Microsoft has introduced a new term: PUA or Potential Unwanted Application or Potentially Unwanted Application. The definition of this very PNSP is quite general, but we all understand what the company is hinting at. Applications that use the technology of inserting advertising banners, software that spreads as a “supplement” to conventional software, as well as software “aggressively offering to pay for services with signs of fraud” may be subject to blocking. As we all know, the line between more or less legitimate programs using such tactics and completely illegitimate ones - for example, fake antivirus programs, is very thin.


We have found and deleted something from you.

Therefore, the service for deleting or blocking PNSP will be provided only to corporate users, and not to all at once. The service has been turned off, as any such blocking can lead to false positives. Perhaps the feature will help make the company a bit safer, although a really working system still implies a ban on everything that is not allowed.

What else happened:
A legal collision in a US court led to the disclosure of what the FBI calls the National Security Letter, and companies usually call it a “gag order” when the intelligence services ask for information about the user while keeping the disclosure secret. Many companies have consistently opposed this tactic, and even came up with a way to bypass secrecy: first we post a statement on the site that we did not provide information to the secret services in secret, and if such a case happens, we remove the statement. There are a lot of discussions on privacy issues, but not a single gram of technology.
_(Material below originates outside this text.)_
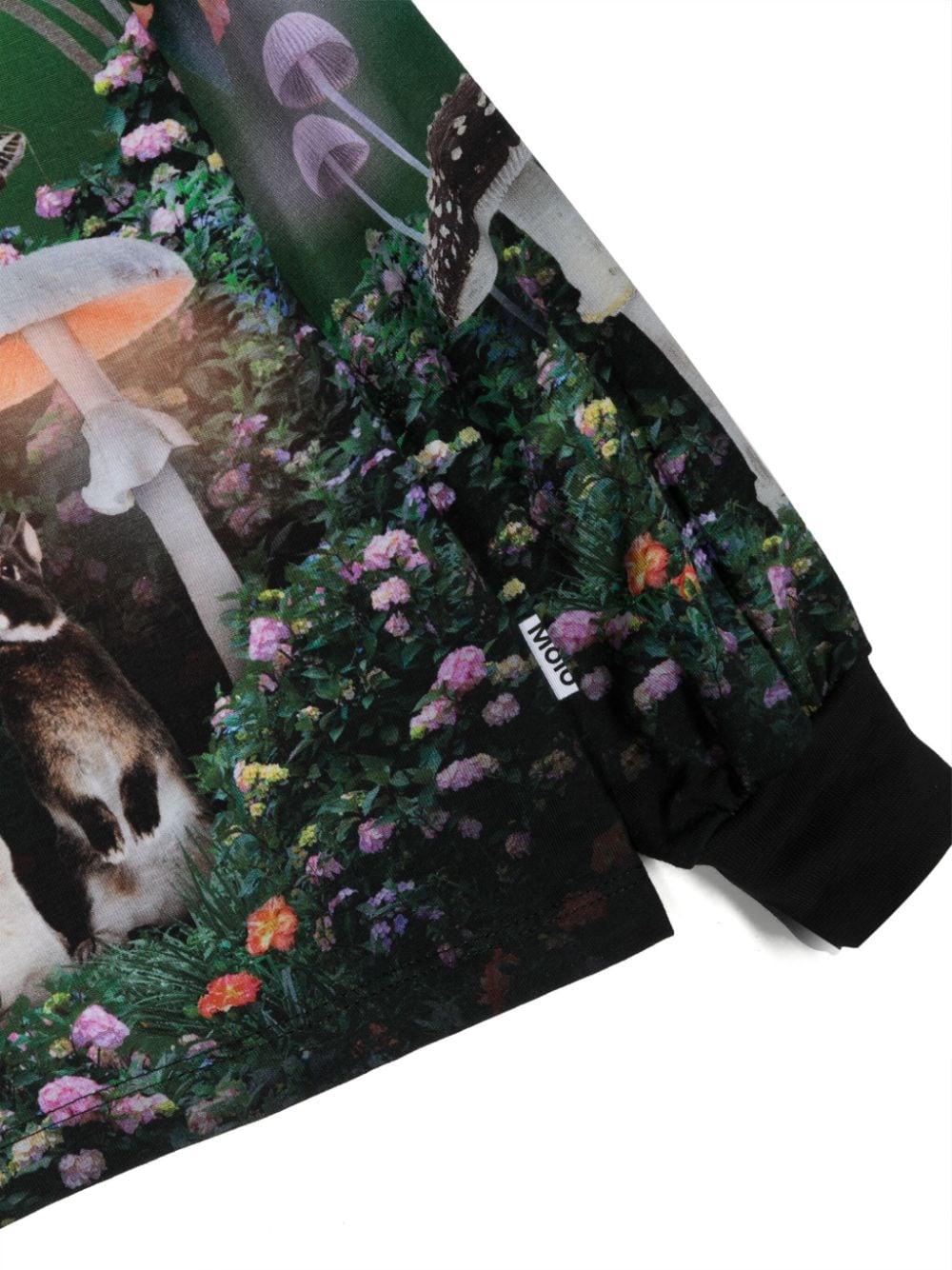 Felpa multicolor bambina, cotone biologico elasticizzato, stampa grafica all-over, applicazione laterale con logo, maniche lunghe, polsini a coste, girocollo e orlo dritto.Composizionecotone biologico 95%, elastam 5%
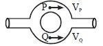In the figure shown, a liquid is flowing through a tube at the rate of $0.1\, m^3/sec$. The tube is branched into two semicircular tubes of cross-sectional area $A/3$ and $2A/3$. The velocity of liquid at $Q$ is ......... $ m/sec$ (The cross-section of the main tube $= A =10^{-2}\, m^2$ and $v_p = 20\, m/sec$)

In China, found another APT, merging data victims through Dropbox.

Antiquities:
Darth Family

Resident very dangerous viruses, infect .COM files when they are written to them (int 21h, ah = 40h). They are written to the beginning of the file without saving its old contents. Embedded in the DOS segment. Replace the address of the function 40h in the table of functions of the interrupt 21h. Contain the text "Darth Vader".

Quote from the book "Computer viruses in MS-DOS" Eugene Kaspersky. 1992 Page 28.


Image credit: Stefano Buttafoco / Shutterstock.com

Although something in this world does not change, and it is perhaps even pleasant. May the force be with you!

Disclaimer: This column reflects only the personal opinion of its author. It may coincide with the position of Kaspersky Lab, or it may not coincide. Then how lucky.